На ближайший год или более ни в какой такой программе участвовать не буду, ни в коем случае. Плохо мне там, бессмысленно, фальшиво. И как же много людей рвутся туда и готовы говорить на любую тему, лишь бы только напомнить о себе. Стыд мне и позор, что согласился. Только канал «Культура» и только по какому-то конкретному и понятному поводу.

Сегодня весь день с восьми утра провёл на съёмочной площадке фильма. Что за фильм и кто его снимает, говорить не буду, не уполномочен. Съёмочная площадка была в высшей степени колоритной – обычный московский рынок стройматериалов, какой есть в любом городе: павильончики со всякой строительной всячиной, соответствующие мужики. Играю я умного таджика, этакого местного мудреца и дервиша в масштабах рынка. Таджикский акцент у меня идёт не очень, но от меня этого и не требуют. Никогда во время съёмки непонятно, какое получится кино, но сниматься было весело.
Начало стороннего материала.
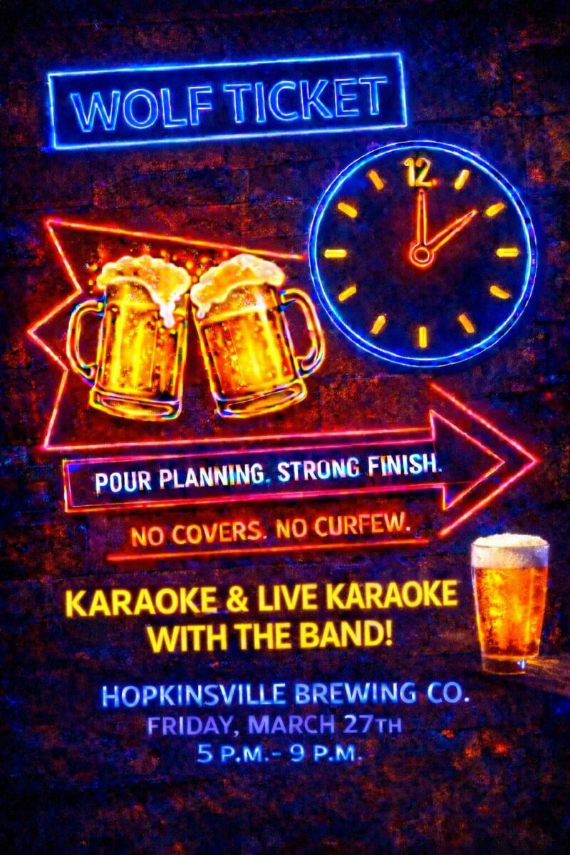 Wolf Ticket is a high-energy cover band from Madisonville, Kentucky, ripping through rock, country, and soul favorites loud and live, with interactive karaoke breaks that pull the crowd out of their seats and into the spotlight.

Местные таджики и другие восточные люди, которых на рынке много, моему появлению обрадовались. Часть времени между дублями отогревался в рыночной кафешке, где пьют и едят в основном продавцы. Ох, там жизнь! Там, конечно, свои интриги, своя политика, своё полноценное государство. К закрытию рынка я уже мог подсказать посетителям, куда идти за шпатлёвкой и где продаются электроинструменты. Завтра весь день проведу там же. Вот в кино я сниматься люблю, а на наше телевидение не пойду.

16 февраля

Все последние дни наполнены сильной непреходящей грустью. В какие-то моменты она обостряется до невозможности и с ней сложно справиться. Дело в том, что двадцать девятого января трагически умер любезный мой пёс Макс. Это случилось так неожиданно и в такой, казалось бы, безопасной ситуации… Ветеринар порекомендовал почистить Максу зубы от зубного камня. Это делается с наркозом, видимо, переборщили с анестезией. Короче, здоровая весёлая собака мучительно умерла от отёка лёгких.
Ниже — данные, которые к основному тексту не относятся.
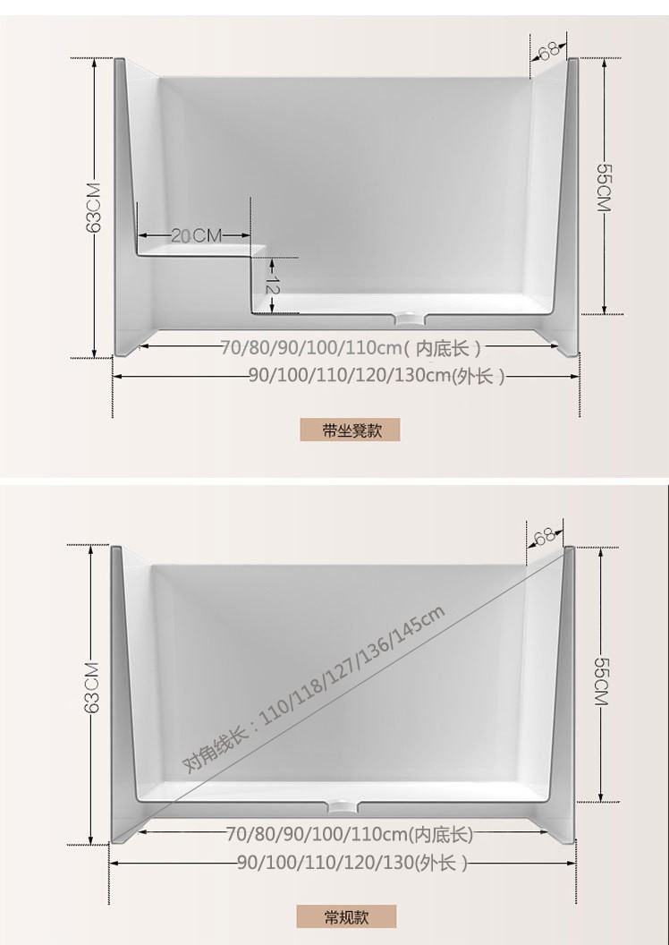 MAXSUNNY bak mandi akrilik gaya Jepang, bak berendam dipertebal untuk anak-anak dan dewasa

Я был в это время в Москве, выпускал спектакль с Игорем Золотовицким… Макса мне подарили ровно пять лет назад на день рождения. И это был самый бесценный подарок, какой я получал в жизни. Когда вернулся домой, я ощутил зияющую пустоту, которую ничем невозможно заполнить. Ощутил с порога, потому что в ритуал возвращения домой входила та невероятная радость, с какой Макс меня встречал. Без него дома тихо. Никто не цокает когтями по полу, никто не кряхтит, не сопит, не храпит… При этом везде остались следы. Следы его когтей на всех дверях, которые он открывал лапой, на каждом углу на одинаковой высоте потёртые и почерневшие обои – он постоянно тёрся носом о все углы, чесал нос.

И ещё осталось чувство вины – за то, что не уберегли, чего-то не сделали, за то, что решили почистить собаке зубы, за то, что не прислушались к нему, потому что он в клинику ехать категорически не хотел. У меня особое чувство вины. Я когда-то написал рассказ «Погребение ангела», и есть ощущение, что накаркал. И за то, что не похоронил. Похоронили его в коробке для бумаг под старой красивой яблоней в саду рядом с домом.

Последние две недели работал ночами над текстом нового спектакля, и в спящем доме постоянно мерещились звуки, будто он ходит, пьёт воду или храпит (Макс храпел во сне очень громко). Пожалуй, последние пять лет ни одно живое существо не провело со мной так много времени. Практически все мои книги написаны при его участии, он не уходил на своё место, пока я не ложился спать. Либо сидел под моим рабочим столом, либо спал под стулом, либо слонялся по квартире, дожидаясь, когда закончу и угомонюсь.

Он был единственной собакой из тех, что я знаю, которая научилась самостоятельно открывать воду в биде, поднимал рычаг крана мордой и пил – пить из миски ему было неинтересно. Так что даже среди ночи можно было услышать, что включилась вода. Приходилось вставать, идти и закрывать: догадаться закрыть он не смог. Всё хотел заснять на видео, как он это делает…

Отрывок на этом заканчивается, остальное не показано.